Look below for the line that has "12306、爱彼迎以及知乎的"; output exactly from it through the line that has "Twelve-foot tall shadowy", and leave the pictures out.

### INPUT DATA

○ ○ ○

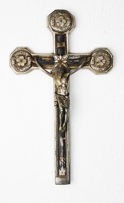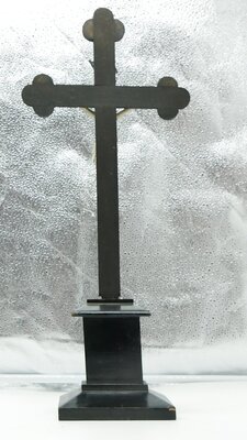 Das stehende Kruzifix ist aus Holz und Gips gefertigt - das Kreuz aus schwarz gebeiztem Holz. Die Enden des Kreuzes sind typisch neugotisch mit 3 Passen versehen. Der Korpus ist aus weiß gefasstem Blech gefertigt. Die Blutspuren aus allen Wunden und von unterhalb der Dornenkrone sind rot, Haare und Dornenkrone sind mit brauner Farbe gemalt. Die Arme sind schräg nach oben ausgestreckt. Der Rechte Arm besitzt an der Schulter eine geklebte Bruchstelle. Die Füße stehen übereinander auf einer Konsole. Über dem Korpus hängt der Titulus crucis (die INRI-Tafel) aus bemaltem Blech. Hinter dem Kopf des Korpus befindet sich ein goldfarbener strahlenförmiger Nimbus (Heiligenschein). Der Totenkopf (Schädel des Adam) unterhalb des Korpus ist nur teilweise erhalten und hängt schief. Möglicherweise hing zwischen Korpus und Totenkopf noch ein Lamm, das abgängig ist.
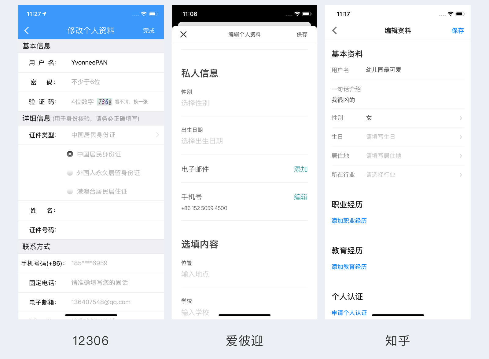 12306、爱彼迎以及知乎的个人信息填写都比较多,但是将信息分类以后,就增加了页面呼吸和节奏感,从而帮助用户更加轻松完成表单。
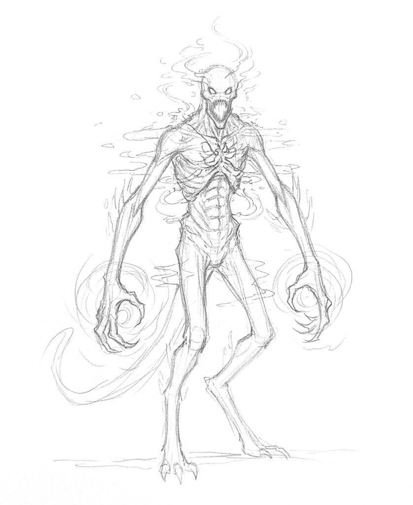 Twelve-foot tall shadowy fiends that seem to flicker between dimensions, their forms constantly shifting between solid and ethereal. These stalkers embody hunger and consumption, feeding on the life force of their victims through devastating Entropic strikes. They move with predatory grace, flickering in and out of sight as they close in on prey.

○ ○ ○

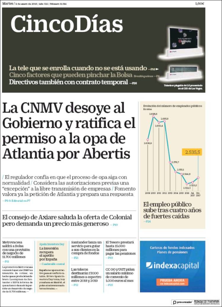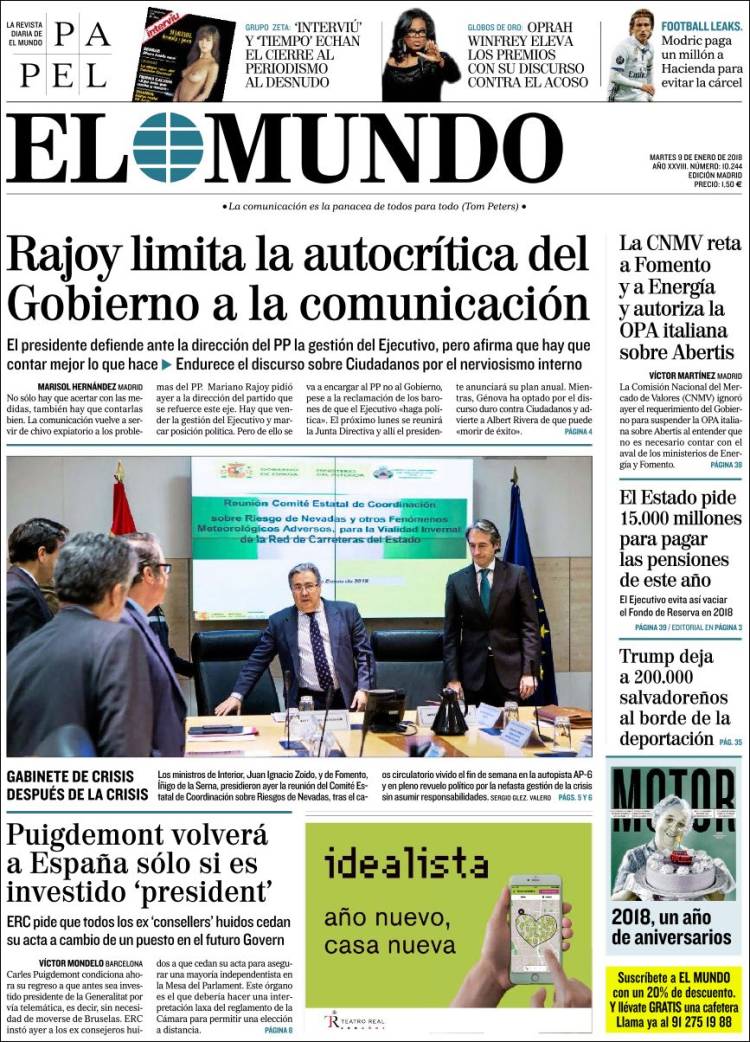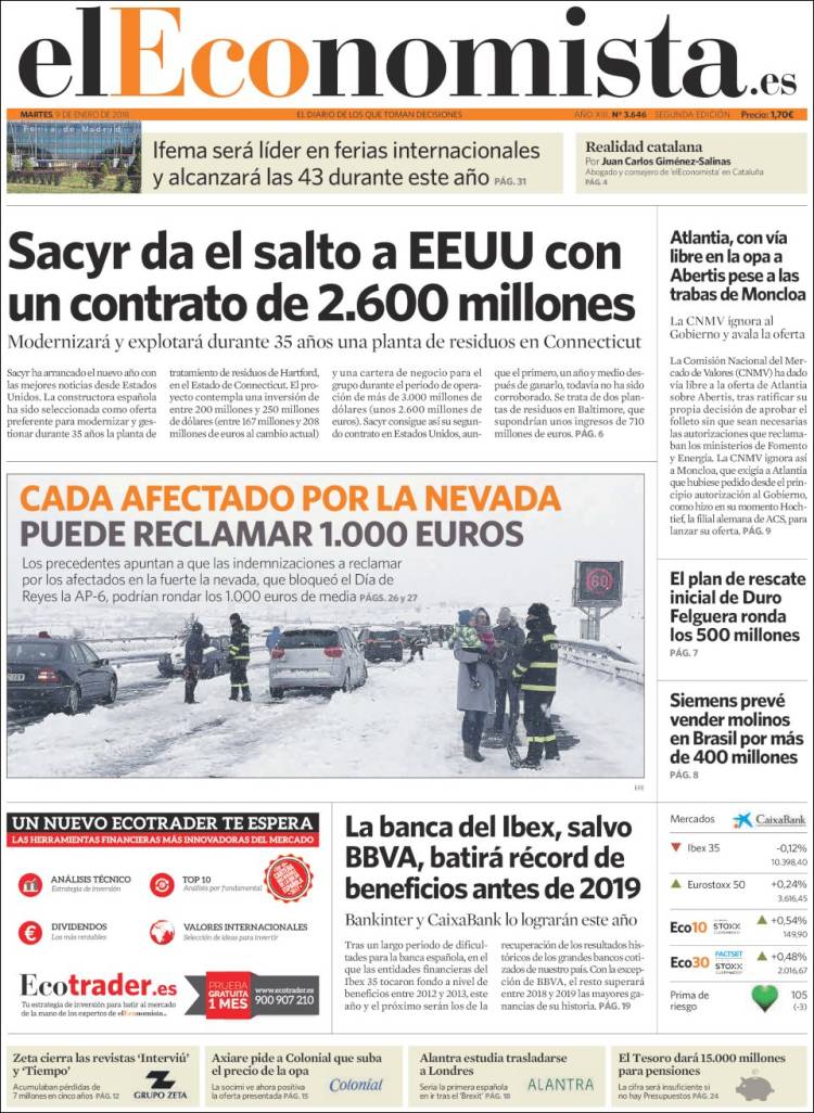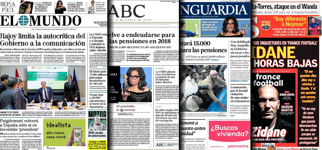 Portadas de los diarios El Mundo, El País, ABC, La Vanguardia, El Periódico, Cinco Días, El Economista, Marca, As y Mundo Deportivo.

○ ○ ○

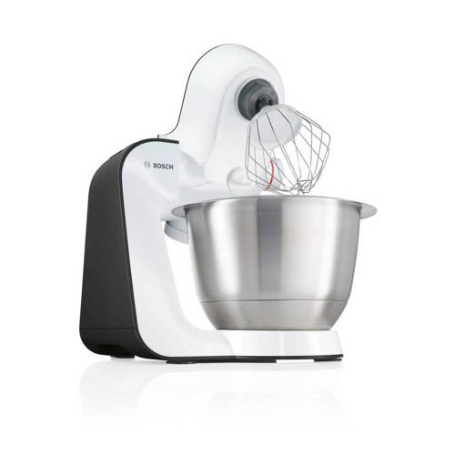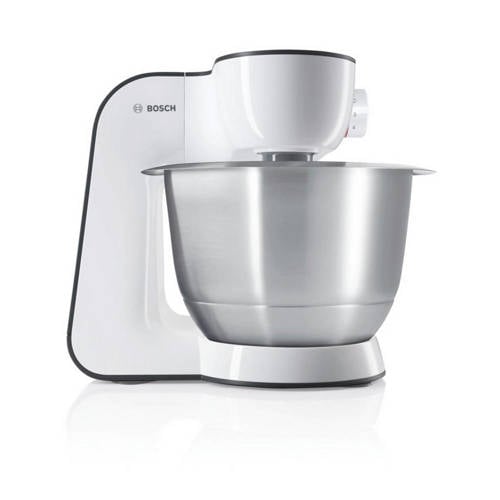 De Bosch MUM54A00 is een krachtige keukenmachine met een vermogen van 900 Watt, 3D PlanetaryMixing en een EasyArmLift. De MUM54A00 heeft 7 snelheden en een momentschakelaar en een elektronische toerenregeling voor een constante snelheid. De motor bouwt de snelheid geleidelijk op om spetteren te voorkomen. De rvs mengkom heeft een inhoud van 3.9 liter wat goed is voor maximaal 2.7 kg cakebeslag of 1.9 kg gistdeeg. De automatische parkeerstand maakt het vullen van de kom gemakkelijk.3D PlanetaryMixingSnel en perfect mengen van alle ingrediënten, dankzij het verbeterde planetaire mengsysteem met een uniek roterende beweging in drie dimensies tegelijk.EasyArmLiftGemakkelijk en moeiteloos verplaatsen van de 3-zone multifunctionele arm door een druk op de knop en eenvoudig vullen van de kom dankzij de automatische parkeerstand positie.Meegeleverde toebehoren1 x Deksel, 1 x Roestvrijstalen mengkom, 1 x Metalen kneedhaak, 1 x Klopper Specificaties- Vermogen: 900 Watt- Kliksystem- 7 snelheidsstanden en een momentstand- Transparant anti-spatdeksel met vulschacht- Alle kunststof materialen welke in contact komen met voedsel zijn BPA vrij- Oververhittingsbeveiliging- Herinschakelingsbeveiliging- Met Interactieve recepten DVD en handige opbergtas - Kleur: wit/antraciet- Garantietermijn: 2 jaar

○ ○ ○

### ANSWER
 12306、爱彼迎以及知乎的个人信息填写都比较多,但是将信息分类以后,就增加了页面呼吸和节奏感,从而帮助用户更加轻松完成表单。
 Twelve-foot tall shadowy fiends that seem to flicker between dimensions, their forms constantly shifting between solid and ethereal. These stalkers embody hunger and consumption, feeding on the life force of their victims through devastating Entropic strikes. They move with predatory grace, flickering in and out of sight as they close in on prey.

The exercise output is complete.